Record-Keeping: Good News, Bad News
Geiger said the new permit regime carried no specific requirement to create a new type of record or form.
But that’s both good news and bad news, she said. Some companies may be relieved to find that they are already collecting required data, and may not need to create a new type of record.
But their existing records will have to be turned over to the EPA, where they will become public, subject to searches by citizens—and environmental groups. So companies should think carefully about whether they want to segregate out non-required information they may not want to become public.
“Do you really want all your Oil Record Book entries to become public?” Geiger asked.
Although the “permit” is not an actual permit, merely the totality of the new regulations, EPA can still require a company to file for an actual permit at any time.

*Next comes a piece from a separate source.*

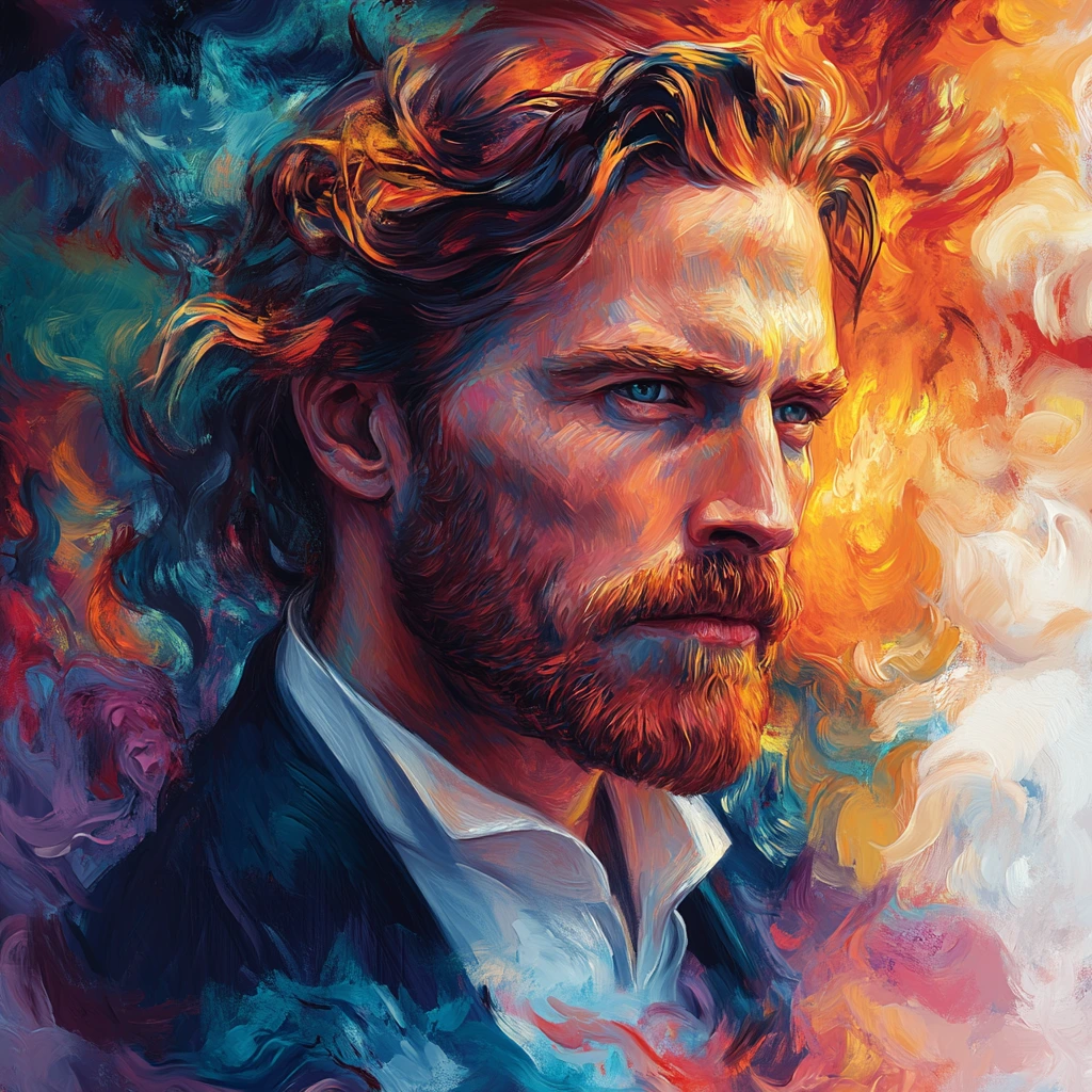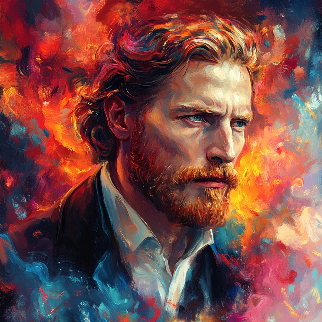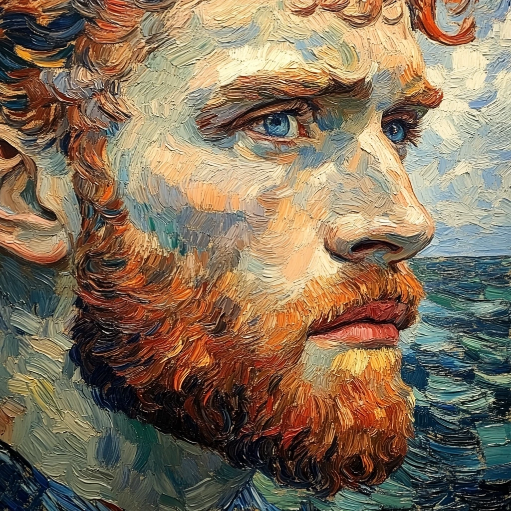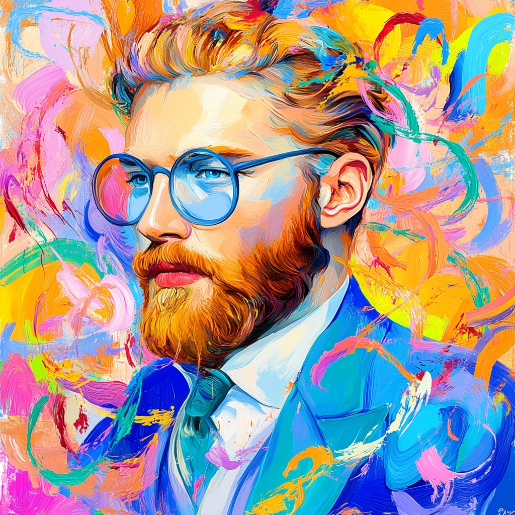 프롬프트: "A digital portrait of Vincent van Gogh, created in his post-impressionist style with swirling, vibrant brushstrokes and bold colors, capturing the intensity and emotion of his iconic works." "포스트 인상주의 스타일로 표현된 빈센트 반 고흐의 디지털 초상화. 소용돌이치는 강렬한 붓질과 대담한 색채로 그의 대표 작품의 감정과 강렬함을 담은 이미지."

Environmentalists Sue for Tougher Regs
Even before the tough new water discharge regulations take effect on February 6, the same environmentalists that filed the original lawsuit in 1999 are suing the Environmental Protection Agency, claiming they are not stringent enough.
On January 13, a coalition of environmental groups, including the Northwest Environmental Advocates (NWEA) of Portland, Ore., filed suit in the Ninth Circuit Court of Appeals, the same court that imposed the new rules on the EPA.
The suit targets blue-water rather than inland carriers, and is concerned with treating ballast water to prevent importation of invasive species. In a press release, NWEA executive director Nina Bell said the group wants the new ballast-water rules to comply with California’s regulations, the nation’s strictest. The current rules only require ballast tanks to be flushed with seawater. The group’s concern with invasive species traveling by ballast water was a key driver of the 1999 lawsuit.
The environmental groups are being represented by the Stanford Law School Environmental Law Clinic, and the Pacific Environmental Advocacy Center (PEAC) at Lewis and Clark Law School in Portland.